BackFire
Blood. It's nature's lube
People are taking the word blind by it's default implications, and not by how you actually mean it, I think. Blind, as it is, according to actual and largely accepted definitions, first and foremost implies that you are not seeing something.
When used within the context of faith and religion, the word implies that the person with "blind faith" is so convinced in their beliefs, that should evidence or proof arise that shows them to be wrong, they would disregard it lazily, blindly following their beliefs in the face of a greater truth. This is why a lot of people object to the term 'blind faith' being used to cover all aspects and types of religious followers and believers. Many, many people don't consider themselves that kind of believer, and they probably aren't. Though, your use of the word is different and less insulting than the normal and common use of the word; you simply mean it as faith.
Your use of blind and faith is somewhat redundant in this case, I think, as the word faith alone carries the proper implications and meaning that you are trying to get across.

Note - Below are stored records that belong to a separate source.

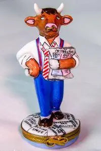 Stock Market Bull Cow Porcelain Limoges wild professional limoges boxes French Trinket Box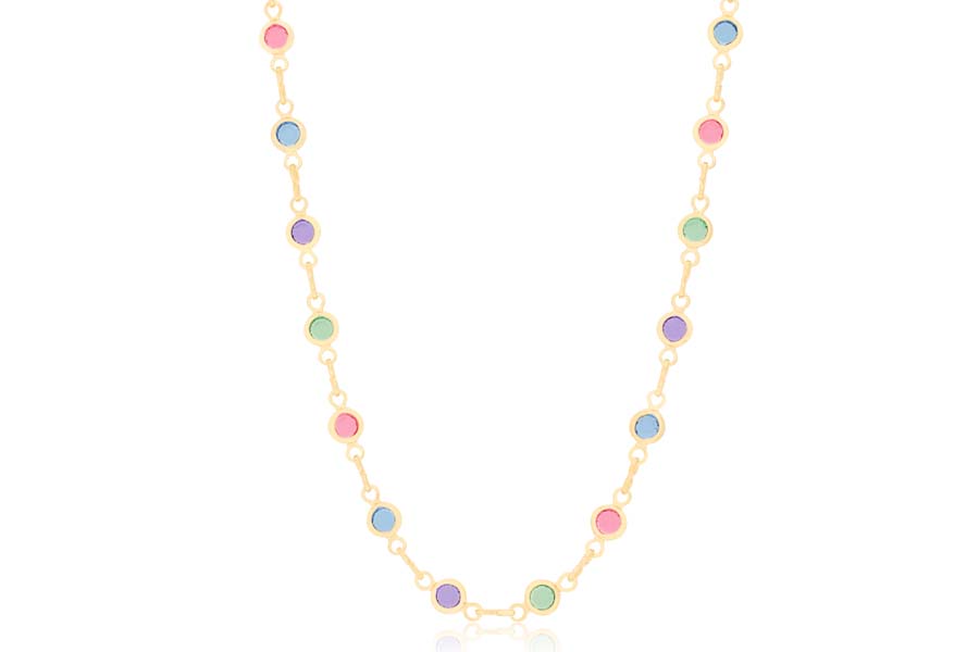 GARGANTILHA BANHADA EM OURO, GRAVATA, ELO PORTUGUÊS 2mm, E ZIRCÔNIA REDONDA, QUADRADA E CORAÇÃO
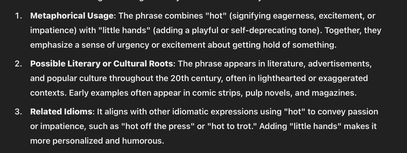Hot little hands? Is that a common saying where you are from? Is it hot there? Edit, I think i may know the meaning. Are you saying that your hands burn to have them and/or are having pain without them? Also I am wondering what part of the world you are in where that phrase may be common.CourtCurator wrote: ↑Wed Dec 04, 2024 10:17 am Judging from the teaser on Instagram, I’m really digging the final Mystery III. Can’t wait to get it in my hot little hands!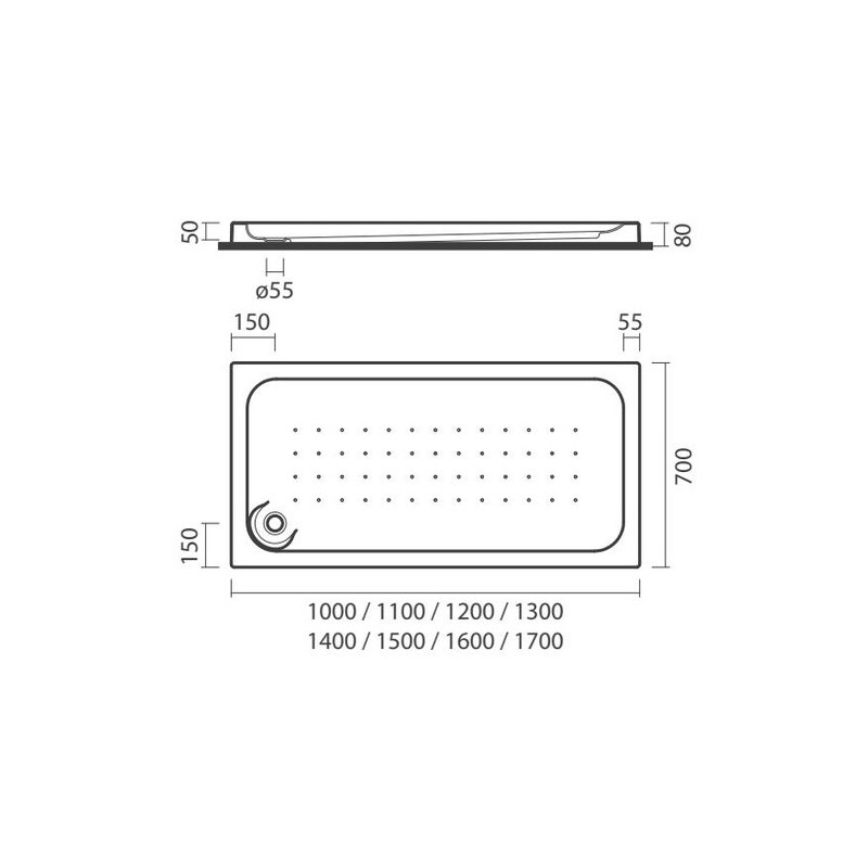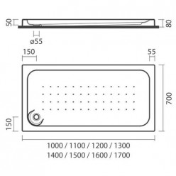 Base de duche de pousar em acrílico, com superfície antiderrapante. De pousar. Altura da cuba interior: 50mm. Altura da aba exterior: 80mm. Com uma válvula de descarga de Ø55mm. Na embalagem: base de duche.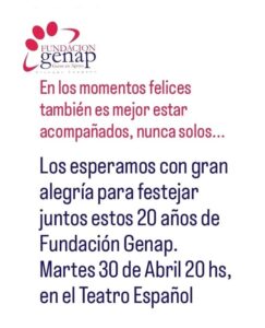 Fundación Genap invita a toda la comunidad a festejar con alegría sus 20 años, hoy a las 20hs en el Teatro Español.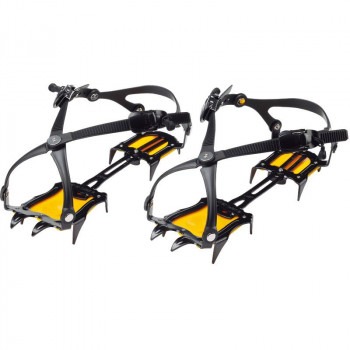 | 左右のバックルで締める「Vクロスバンド・2バックルシステム」が着脱をスムーズにします。前後のスタビライザーがしっかりと靴を固定しワンタッチで調節が出来るうえ、不意の緩みを防ぐバックルストッパーを標準装備です。つま先から爪が出ないので安心して歩けます。 ※冬期登攀用の12本爪アイゼンとは設計思想が違いますのでご注意ください。 |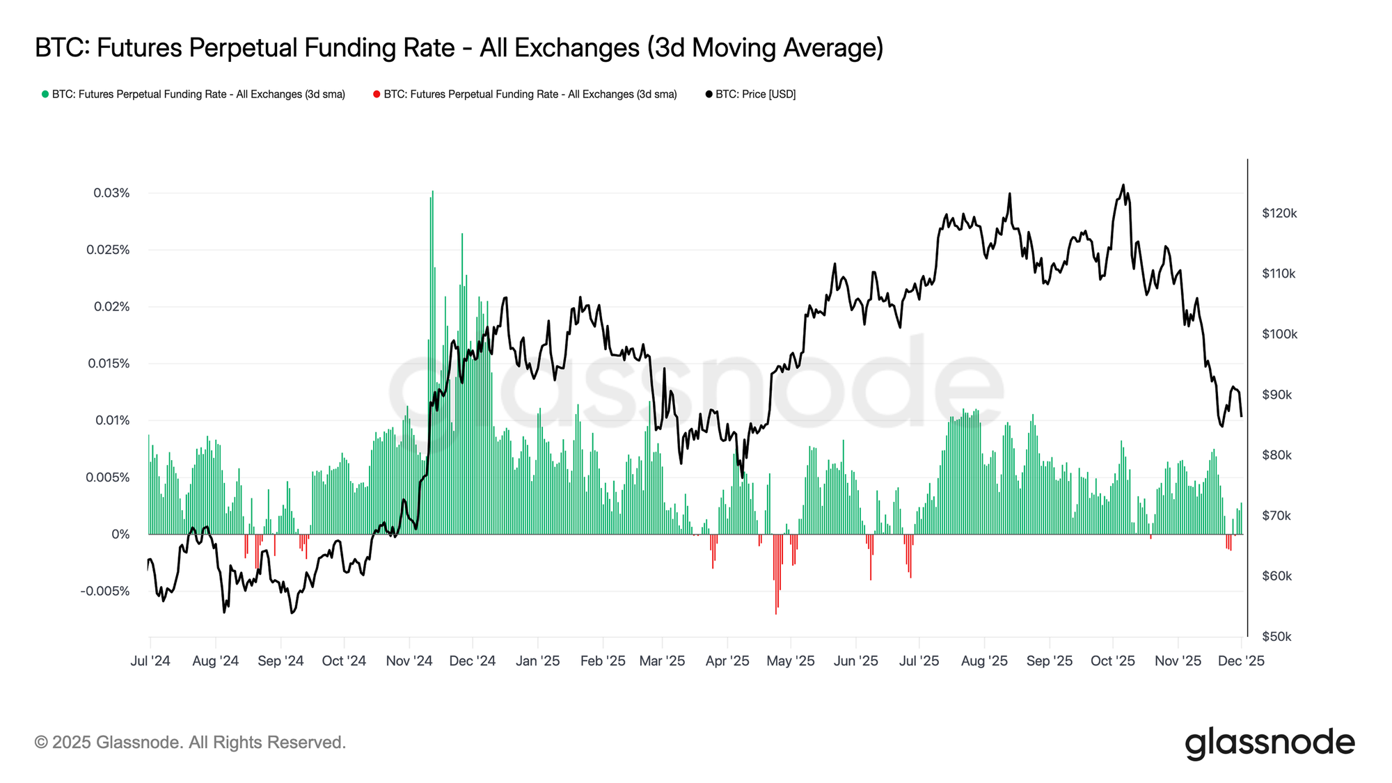 Trên thị trường hợp đồng vĩnh cửu, phí funding dao động quanh mức 0 hoặc âm nhẹ trong suốt tuần qua, nhấn mạnh sự rút lui liên tục của các vị thế mua đầu cơ. Các nhà giao dịch vẫn giữ trạng thái cân bằng hoặc phòng thủ, đóng góp rất ít áp lực định hướng giá thông qua đòn bẩy.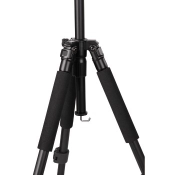 Stativ je opremljen s kavljem na spodnjem delu centralnega stolpca za dodatno obtežitev in stabilizacijo. Gumijaste nogice omogočajo varno in natančno postavitev.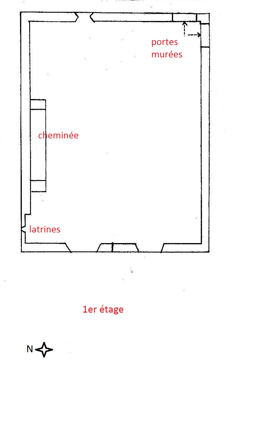 Manoir : plan schématique au sol du 1er étage (état en 1985)Immatriculation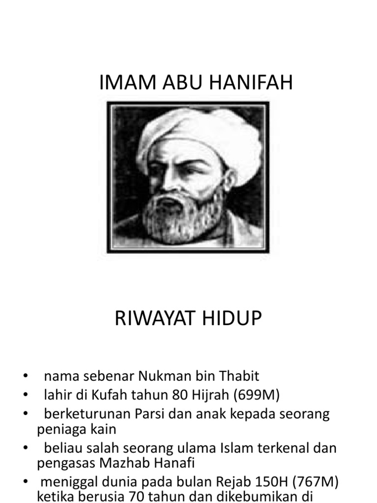 Para Imam Mahab seperti Imam Abu Hanifah Imam Syafii dan Imam Ahmad. BIODATA NURMAN BIN TABIT RA. Nama lengkapnya adalah Imam Abu Hanifah Numan bin Tsabit lahir tahun 80 H di kota Kufah pada masa pemerintahan dinasti Bani Umayyah.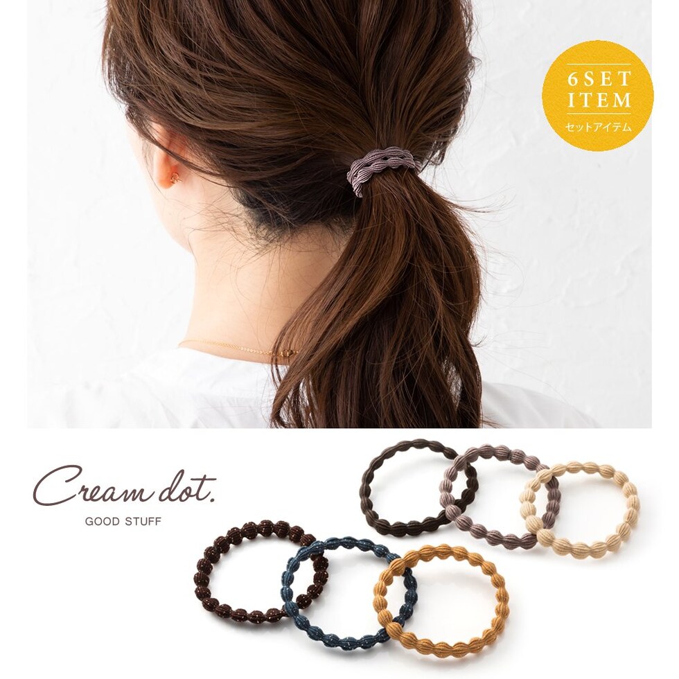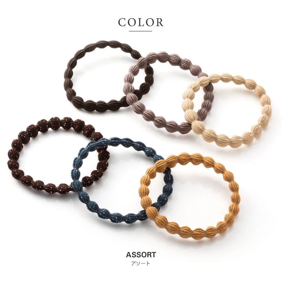 ヘアアクセサリー レディース 6色セット ヘアゴム ウェーブ ラメ キャメル cream dot ゆうパケット [アソート_ワンサイズ]

Faith, on its own, means that what you believe in does not carry any substantial evidence, throwing the word "blind" in front of the word changes that meaning for most people, who again, are used to that combination of words meaning something else entirely to most people, and the way you use it is confusing, since faith has the same meaning as 'blind faith' in how you're using it.
Example, you say: "So if a theist says they operate without blind faith, either their justification has logical holes or they don't truly believe." Meaning just 'faith', and not 'blind faith' as it's commonly understood.
So when a theist objects to the idea that they operate under blind faith, they're going by the common usage of the term -- that they're fanatical and that it would be impossible to convince them otherwise should proof arise showing them to be wrong, instead of what you actually mean by it. They don't deny that there is faith, but that it isn't 'blind', meaning they see themselves as reasonable enough to know that it is faith and nothing more.